* _PROBLEM STATEMENT_
Reproduce exactly the entries from the "Потомки солнца супер!" line to the end. Skip all pictures.

Records from a collection
____________

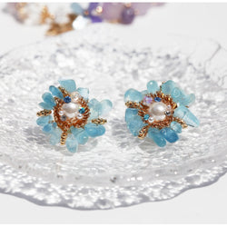 • Material: natural aqua marine crystal stones + 18K gold-plated post + crystal pearls
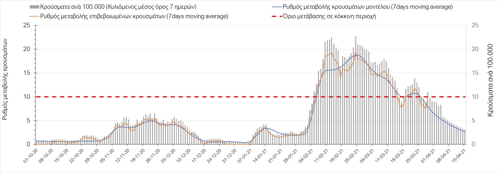 Σχήμα 49. Πορεία του ημερησίου αριθμού των κρουσμάτων (κυλιόμενος μέσος όρος 7 ημερών) στην Θάσο Συμπεράσματα:Η αύξηση που παρατηρείται πλέον στον αριθμό των ασθενών σε κρίσιμη κατάσταση (διασωληνωμένοι σε ΜΕΘ), καθώς και ο αριθμός των θανάτων (αν και με κάποια μικρή απόκλιση τη Δευτέρα) συνάδουν με τις προσομοιώσεις του μοντέλου CORE, όπως και ο αριθμός των κρουσμάτων, μετά και τις επικαιροποιημένες προβλέψεις προ 15 ημερών, όπου ελήφθη υπόψιν η μεγαλύτερη διασπορά των μεταλλαγμένων και ταχύτερα μεταδιδόμενων στελεχών. Σε πανελλαδικό επίπεδο ο κυλιόμενος εβδομαδιαίος μέσος όρος του δείκτη θετικότητας διαμορφώθηκε στο 7,4% (η ημερήσια τιμή τη Δευτέρα είναι 11,0%) ενώ ο κυλιόμενος εβδομαδιαίος μέσος όρος του πραγματικού αριθμού αναπαραγωγής Rt (δηλαδή ο αριθμός των ατόμων που ένας φορέας μπορεί να επιμολύνει) διαμορφώθηκε στο 1,02 (τιμές του Rt πάνω από τη μονάδα υποδηλώνουν καθαρή αύξηση της διασποράς του ιού στην κοινότητα). Πλέον, με τον υψηλότερο αριθμό φορέων του μεταλλαγμένου στελέχους και την αναθεώρηση στις προβλέψεις, παρατηρούμε μια αμυδρά τάση κάμψης του ρυθμού αύξησης καθημερινά, και μπορεί να χρειαστεί να παραταθούν τα περιοριστικά μέτρα τουλάχιστον σε ό,τι αφορά στο άνοιγμα του λιανικού εμπορίου και μετά το τέλος Μαρτίου. Παρά την εφαρμογή οριζόντιων μέτρων ανάσχεσης της πανδημίας που εφαρμόσθηκαν από τα τέλη Οκτωβρίου, η πορεία της τελευταίας διαφοροποιείται από περιοχή σε περιοχή. Οι παραπάνω παρατηρήσεις τείνουν στο συμπέρασμα ότι η διαχείριση του υγειονομικού κινδύνου θα πρέπει να εξεταστεί σε τοπικό επίπεδο. Πλέον προβληματίζουν πέρα από την Αττική και τη Θεσσαλονίκη, η Αχαΐα, η Αιτωλοακαρνανία, η Εύβοια, η Βοιωτία, η Χαλκιδική, καθώς επίσης η Αρκαδία, η Ηλεία, η Αργολίδα, η Κορινιθία, η Φθιώτιδα, η Ευρυτανία, η Λάρισα, η Κοζάνη, η Καστοριά, η Καβάλα, η Χίος, το Ηράκλειο, τα Χανιά, τα Ιωάννινα, η Ημαθία, η Πέλλα, το Κιλκίς, τα Γρεβενά, η Μαγνησία και η Καρδίτσα. Ανάγκη αυξημένης επιτήρησης έχουν και τα Τρίκαλα, η Θεσπρωτία (η οποία όμως περιμένουμε να βγει από τις κόκκινες περιοχές μέχρι το τέλος του μήνα), και οι Σέρρες, Συνολικά, τα τεστ ανίχνευσης θα πρέπει να φτάσουν τουλάχιστον στα 120.000 και να δίνεται έμφαση στοχευμένα στις περιφερειακές ενότητες στις οποίες η δυναμική της διασποράς φαίνεται να είναι ανησυχητική για 1-2 ημέρες ώστε να ανιχνεύονται οι ασυμπτωματικοί και προσυμπτωματικοί φορείς και να σπάει η αλυσίδα μετάδοσης βάζοντάς τους σε καραντίνα. Λόγω της ανησυχίας που εγείρει η παρουσία στην κοινότητα των μεταλλαγμένων στελέχους του SARS-CoV-2 (κυρίως η βρετανική και η νοτιοαφρικανική μετάλλαξη) και προκειμένου να περιορίσουμε ή τουλάχιστον να καθυστερήσουμε την ευρεία διασπορά τους, προτείνουμε τα ακόλουθα μέτρα πριν συζητηθεί το περαιτέρω άνοιγμα εκπαιδευτικών και οικονομικών δραστηριοτήτων:– πιστή εφαρμογή του ήδη υπάρχοντος νομοθετικού πλαισίου για την τηλεργασία (όσο το δυνατόν περισσότερο, αλλά τουλάχιστον 50%) ή ακόμη και αύξηση του ελάχιστου ορίου τηλεργασίας στο 75% όπου αυτό είναι δυνατόν τόσο από δημόσιους όσο και ιδιωτικούς φορείς – είναι απαραίτητο να υπάρξει άμεσα πολύ μεγαλύτερος έλεγχος της εφαρμογής της σχετικής ΚΥΑ από όλους τους εργοδότες του ιδιωτικού και δημόσιου τομέα. Σημερινά στοιχεία δείχνουν ότι το επίπεδο τηλεργασίας στον ιδιωτικό τομέα ανέρχεται οριακά στο 25%. Υπάρχει άμεση ανάγκη για 
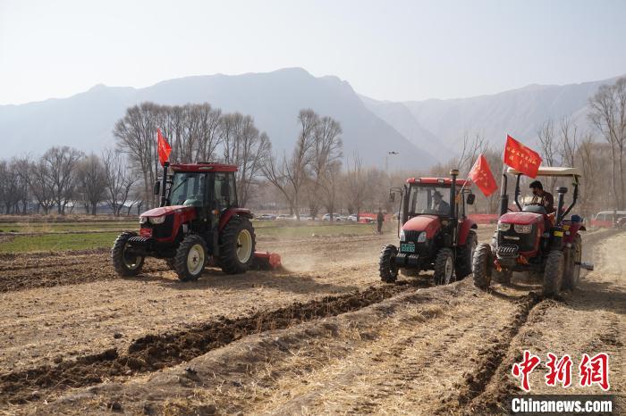 圖為青海省海南藏族自治州貴德縣拉西瓦鎮(zhèn)藏族村民正在進行機械耕作。馬銘言 攝
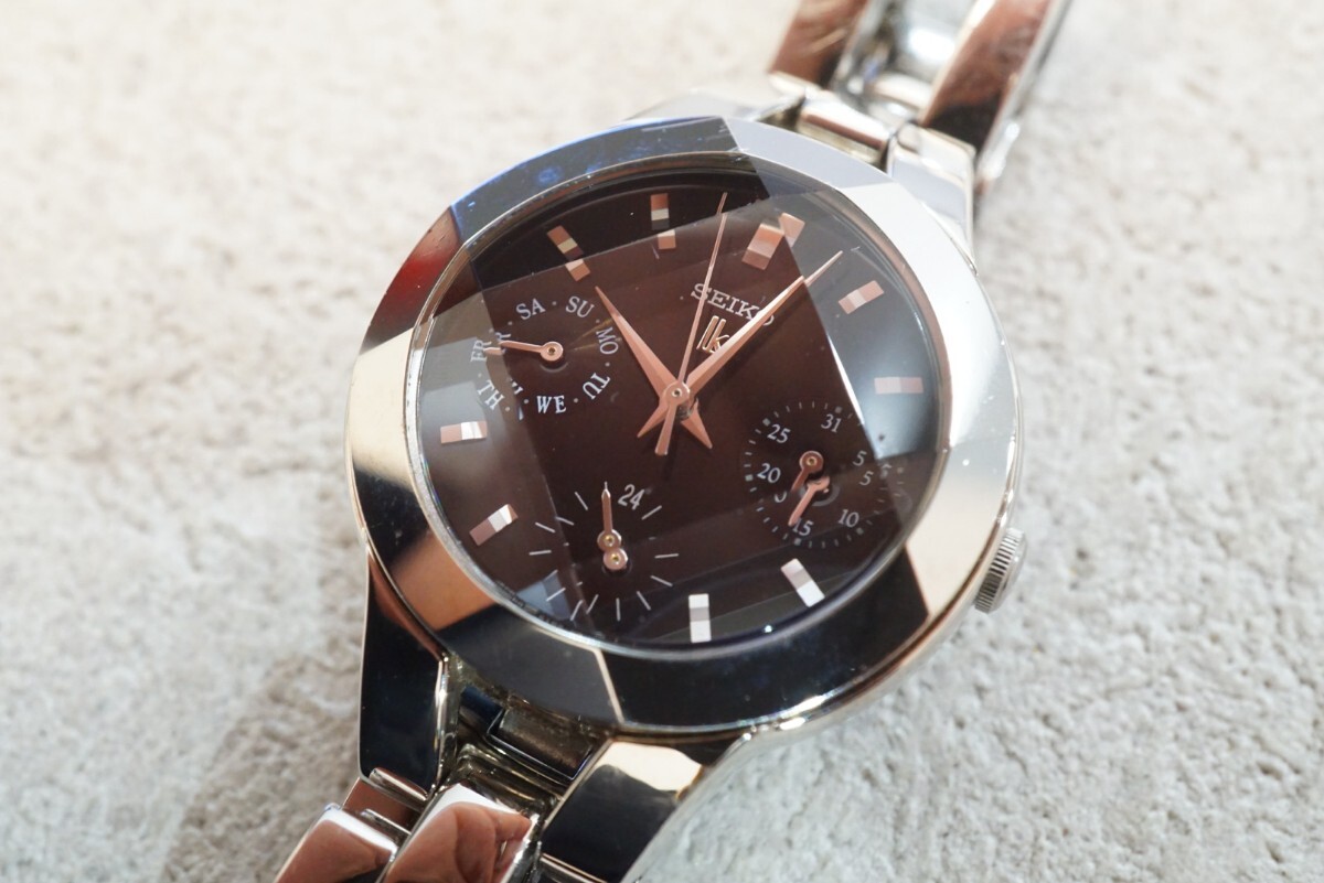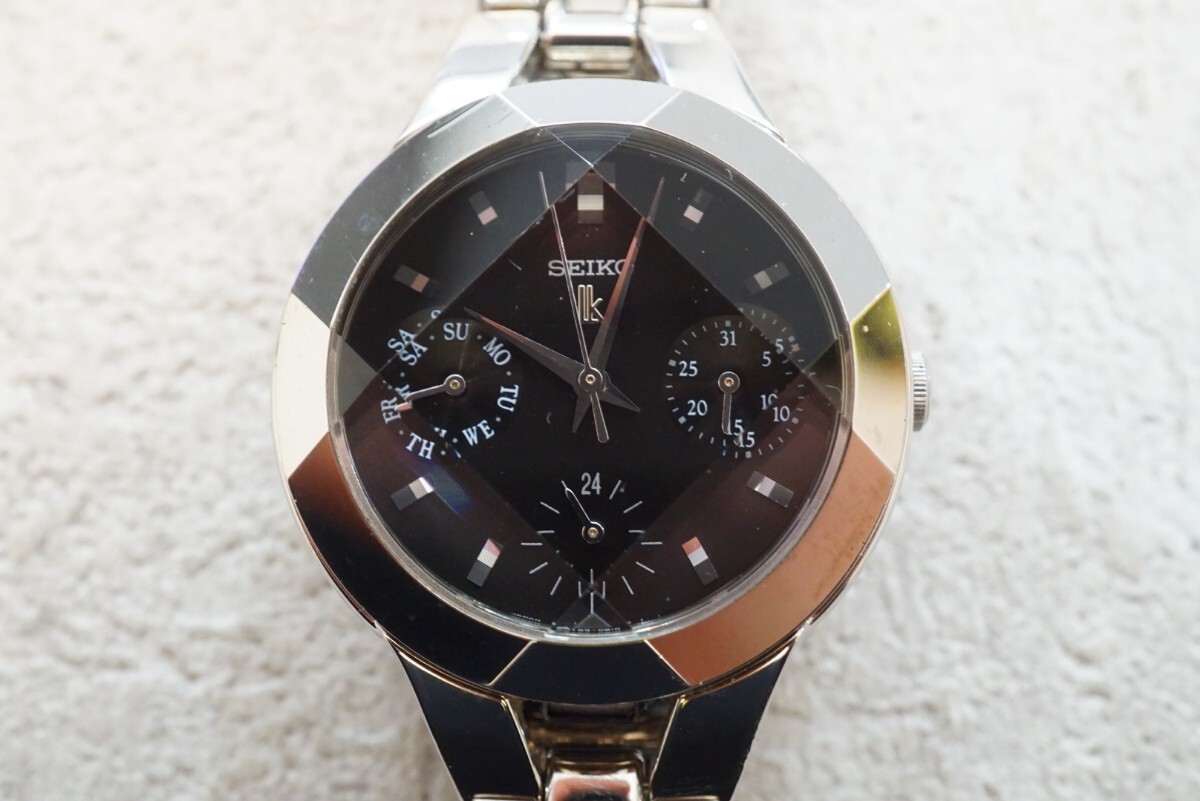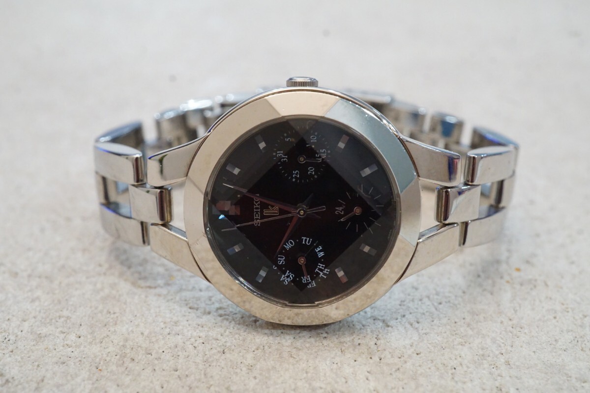 F809 SEIKO/SEIKO ルキア LUKIA lk カットガラス 黒文字盤 レディース 腕時計 アクセサリー ヴィンテージ ブランド クォーツ 不動品
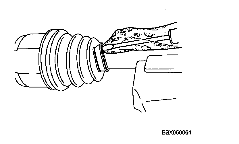 1. Pry up the locking clip of the transaxle-side boot retention band with a screwdriver.
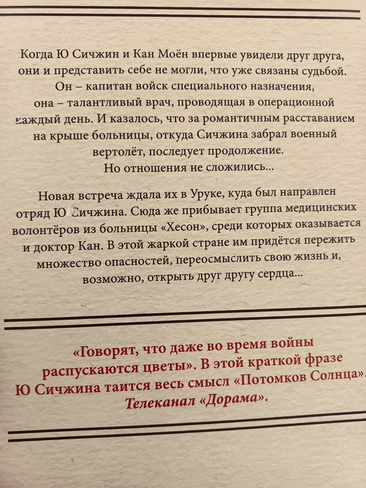 Потомки солнца супер! Я смотрела дораму! Книга просто отрывок фильма, я расстроилась.
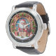 A heartwarming Christmas illustration featuring Santa Claus and a reindeer peeking through a snowy window, surrounded by festive decorations like garlands, candy canes, and ornaments. A sign in front of them reads Merry & Bright. The artwork is presented on a round, silver-toned item with numerical markings around its edge, capturing a cozy and joyful holiday scene.

____________

* _RESULT OF THE EXERCISE_
 Потомки солнца супер! Я смотрела дораму! Книга просто отрывок фильма, я расстроилась.
 A heartwarming Christmas illustration featuring Santa Claus and a reindeer peeking through a snowy window, surrounded by festive decorations like garlands, candy canes, and ornaments. A sign in front of them reads Merry & Bright. The artwork is presented on a round, silver-toned item with numerical markings around its edge, capturing a cozy and joyful holiday scene.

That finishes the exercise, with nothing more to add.